Trouble in the Big Room
The eldest six of Francis and Viola Turner’s thirteen children claimed that the big room of the house on Yarrow Street was haunted for at least one night. A ghost — a haint, if you will — tried to pull Cha-Cha out of the big room’s second-story window.
The big room was not, in actuality, very big. Could hardly be considered a room. For some other family it might have made a decent storage closet, or a mother’s cramped sewing room. For the Turners it became the only single-occupancy bedroom in their overcrowded house. A rare and coveted space.
In the summer of 1958, Cha-Cha, the eldest child at fourteen years, was in the throes of a gangly-legged, croaky-voiced adolescence. Smelling himself, Viola called it. Tired of sharing a bed with younger brothers who peed and kicked and drooled and blanket-hogged, Cha-Cha woke up one evening, untangled himself from his brothers’ errant limbs, and stumbled into the whatnot closet across the hall. He slept on the floor, curled up with his back against dusty boxes, and started a tradition. From then on, when one Turner child got grown and gone, as Francis described it, the next eldest child crossed the threshold into the big room.
The haunting, according to the older children, occurred during the very same summer that the big room became a bedroom. Lonnie, the youngest child then, was the first to witness the haint’s attack. He’d just begun visiting the bathroom alone and was headed there when he had the opportunity to save his brother’s life.
Three-year-olds are of a tenuous reliability, but to this day Lonnie recalls the form of a pale-hued young man lifting Cha-Cha by his pajama collar out of the bed and toward the narrow window. Back then a majority of the homeowners in that part of Detroit’s east side were still white, and the street had no empty lots.
“Cha-Cha’s sneakin out! Cha-Cha’s sneakin out with a white boy!” Lonnie sang. He stamped his little feet on the floorboards.
Soon Quincy and Russell spilled into the hallway. They saw Cha-Cha, all elbows and fists, swinging at the haint. It had let go of Cha-Cha’s collar and was now on the defensive. Quincy would later insist that the haint emitted a blue, electric-looking light, and each time Cha-Cha’s fists connected with its body the entire thing flickered like a faulty lamp.
Seven-year-old Russell fainted. Little Lonnie stood transfixed, a pool of urine at his feet, his eyes open wide. Quincy banged on his parents’ locked bedroom door. Viola and Francis Turner were not in the habit of waking up to tend to ordinary child nightmares or bed-wetting kerfuffles.
Francey, the eldest girl at twelve, burst into the crowded hallway just as Cha-Cha was giving the haint his worst. She would later say the haint’s skin had a jellyfish-like translucency, and the pupils of its eyes were huge, dark disks.
“Let him go, and run, Cha-Cha!” Francey said.
“He ain’t runnin me outta here,” Cha-Cha yelled back.
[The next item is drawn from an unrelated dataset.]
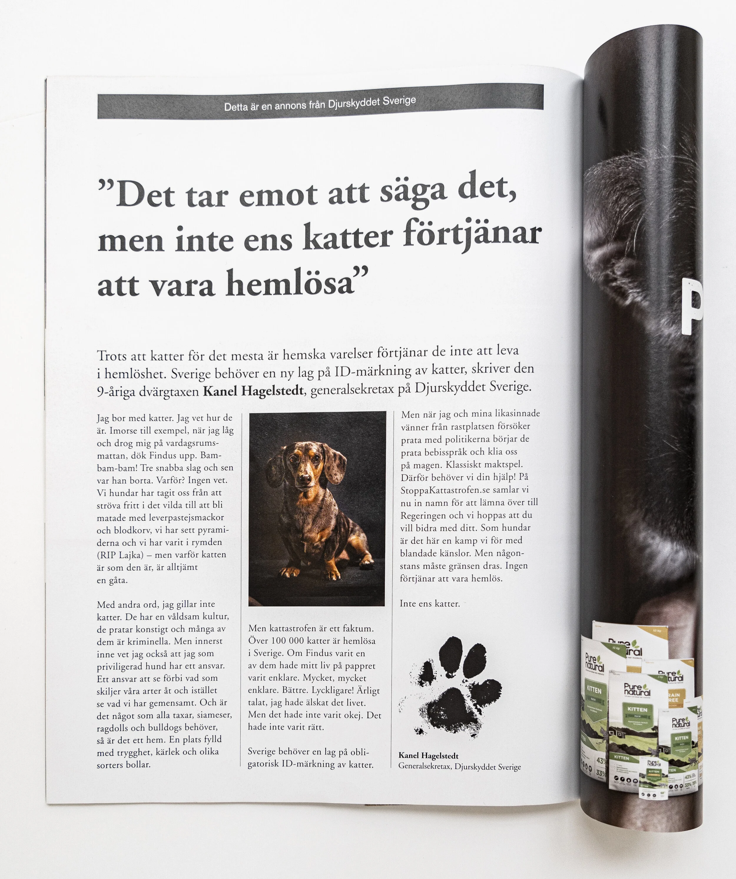 För att engagera folket i problemet med hemlösa katter tog vi hjälp av de som minst av allt kan tänkas bry sig. För om till och med hundar kämpar för katter, så vore det ganska hjärtlöst av oss människor att inte göra detsamma.

With the exception of Lonnie, who had been crying, the four Turner children in the hallway fell silent. They’d heard plenty of tales of mischievous haints from their cousins Down South — they pushed people into wells, made hanged men dance in midair — so it did not follow that a spirit from the other side would have to spend several minutes fighting off a territorial fourteen-year-old.
Francey possessed an aptitude for levelheadedness in the face of crisis. She decided she’d seen enough of this paranormal beat-down. She marched into Cha-Cha’s room, grabbed her brother by his stretched-out collar, and dragged him into the hall. She slammed the big-room door behind them and pulled Cha-Cha to the floor. They landed in Lonnie’s piss.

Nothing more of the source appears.